> _REQUIREMENT_
Return the listing below verbatim. Pictures do not belong in the copy.

> _STORED DATA_

☆ ☆ ☆ ☆ ☆

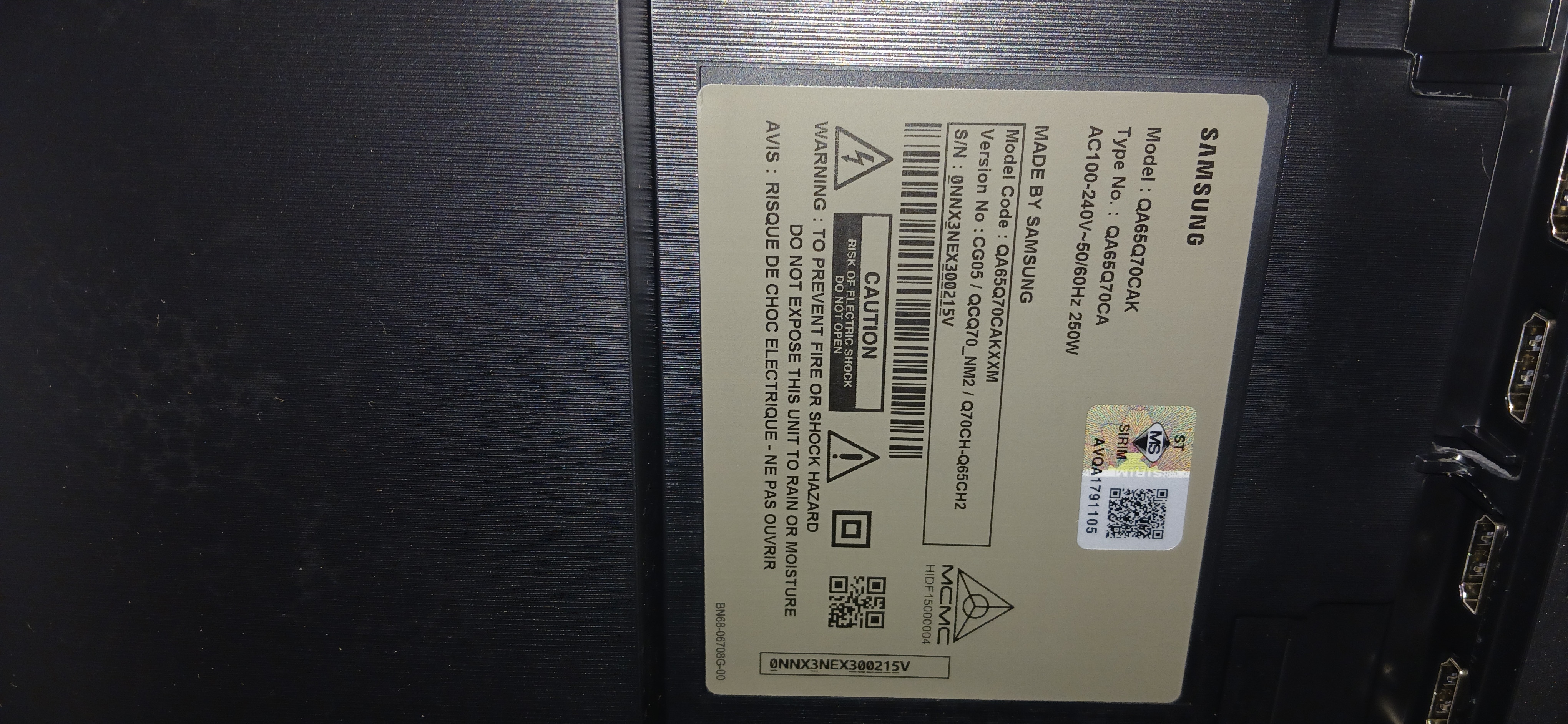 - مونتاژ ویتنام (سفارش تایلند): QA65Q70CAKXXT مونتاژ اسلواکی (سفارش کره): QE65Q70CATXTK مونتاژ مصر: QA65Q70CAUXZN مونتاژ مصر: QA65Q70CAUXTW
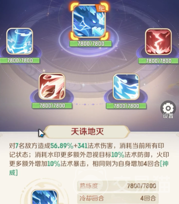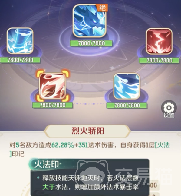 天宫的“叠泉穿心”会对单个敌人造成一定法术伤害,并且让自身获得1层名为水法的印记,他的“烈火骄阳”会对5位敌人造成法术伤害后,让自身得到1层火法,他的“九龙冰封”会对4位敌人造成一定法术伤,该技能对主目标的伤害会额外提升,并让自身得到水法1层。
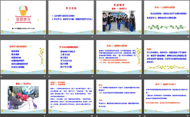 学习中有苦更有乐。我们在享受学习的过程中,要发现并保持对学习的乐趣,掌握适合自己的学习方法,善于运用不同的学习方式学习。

☆ ☆ ☆ ☆ ☆

> _SOLVED PROBLEM_
 - مونتاژ ویتنام (سفارش تایلند): QA65Q70CAKXXT مونتاژ اسلواکی (سفارش کره): QE65Q70CATXTK مونتاژ مصر: QA65Q70CAUXZN مونتاژ مصر: QA65Q70CAUXTW
 天宫的“叠泉穿心”会对单个敌人造成一定法术伤害,并且让自身获得1层名为水法的印记,他的“烈火骄阳”会对5位敌人造成法术伤害后,让自身得到1层火法,他的“九龙冰封”会对4位敌人造成一定法术伤,该技能对主目标的伤害会额外提升,并让自身得到水法1层。
 学习中有苦更有乐。我们在享受学习的过程中,要发现并保持对学习的乐趣,掌握适合自己的学习方法,善于运用不同的学习方式学习。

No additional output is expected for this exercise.